To retrieve the history, we first download the model locally, then unzip it to gain access to the history data structure. We can then simply load the history as JSON:

In [None]:
import matplotlib.pyplot as plt

def plot_training_curves(history): 
    
    fig, axes = plt.subplots(1, 2, figsize=(12, 4), sharex=True)
    ax = axes[0]
    ax.plot(history['acc'], label='train')
    ax.plot(history['val_acc'], label='validation')
    ax.set(
        title='model accuracy',
        ylabel='accuracy',
        xlabel='epoch')
    ax.legend()

    ax = axes[1]
    ax.plot(history['loss'], label='train')
    ax.plot(history['val_loss'], label='validation')
    ax.set(
        title='model loss',
        ylabel='loss',
        xlabel='epoch')
    ax.legend()
    fig.tight_layout()

In [None]:
import json 

!aws s3 cp {inputs} ./hvd_model/model.tar.gz
!tar -xzf ./hvd_model/model.tar.gz -C ./hvd_model

with open('./hvd_model/hvd_history.p', "r") as f:
    hvd_history = json.load(f)
    
plot_training_curves(hvd_history)

## Model Deployment with Amazon Elastic Inference

Amazon SageMaker supports both real time inference and batch inference. In this notebook, we will focus on setting up an Amazon SageMaker hosted endpoint for real time inference with TensorFlow Serving (TFS).  Additionally, we will discuss why and how to use Amazon Elastic Inference with the hosted endpoint.

### Deploying the Model

When considering the overall cost of a machine learning workload, inference often is the largest part, up to 90% of the total.  If a GPU instance type is used for real time inference, it typically is not fully utilized because, unlike training, real time inference usually does not involve continuously sending large batches of data to the model.  Elastic Inference provides GPU acceleration suited for inference, allowing you to add just the right amount of inference acceleration to a hosted endpoint for a fraction of the cost of using a full GPU instance.

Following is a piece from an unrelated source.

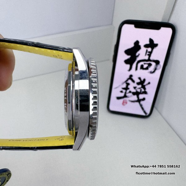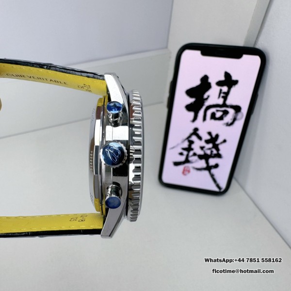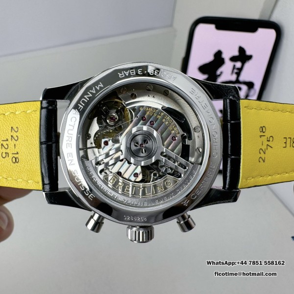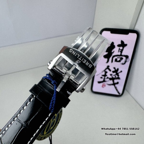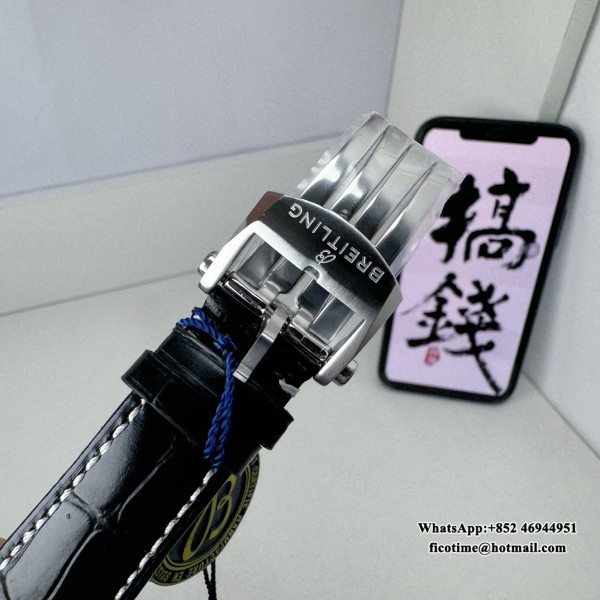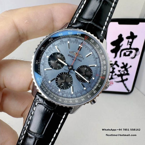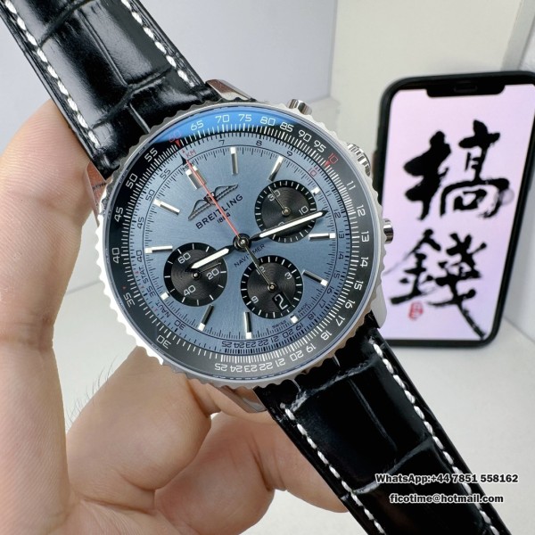 BLSF A7750 Breitling Chrono 43mm NAVITIMER B01 Ice Blue/Black Dial Black Leather Strap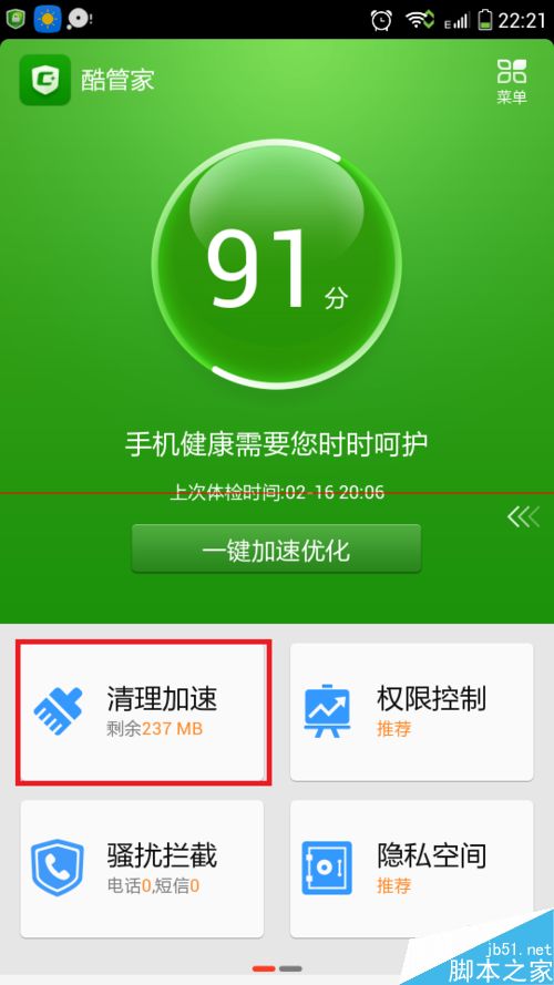 小编上年买了部酷派大神, 随着安装应用的增多,运行内存占用越来越高,不得不经常使用一键加速,可是每每加速有些想保留的进程却被查杀,以致于投鼠忌器,刚开始找了好久找不到哪里可以设置不被查杀进程,终于在昨天找到了,遂来分享一下!

The `deploy` method of the Estimator object creates an endpoint which serves prediction requests in near real time.  To utilize Elastic Inference with the SageMaker TFS container, simply provide an `accelerator_type` parameter, which determines the type of accelerator that is attached to your endpoint. Refer to the **Inference Acceleration** section of the [instance types chart](https://aws.amazon.com/sagemaker/pricing/instance-types) for a listing of the supported types of accelerators. 

Here we'll use a general purpose CPU compute instance type along with an Elastic Inference accelerator:  together they are much cheaper than the smallest P3 GPU instance type.

In [None]:
from sagemaker.tensorflow.serving import Model

tf_model = Model(model_data=inputs, role=role, framework_version='1.14')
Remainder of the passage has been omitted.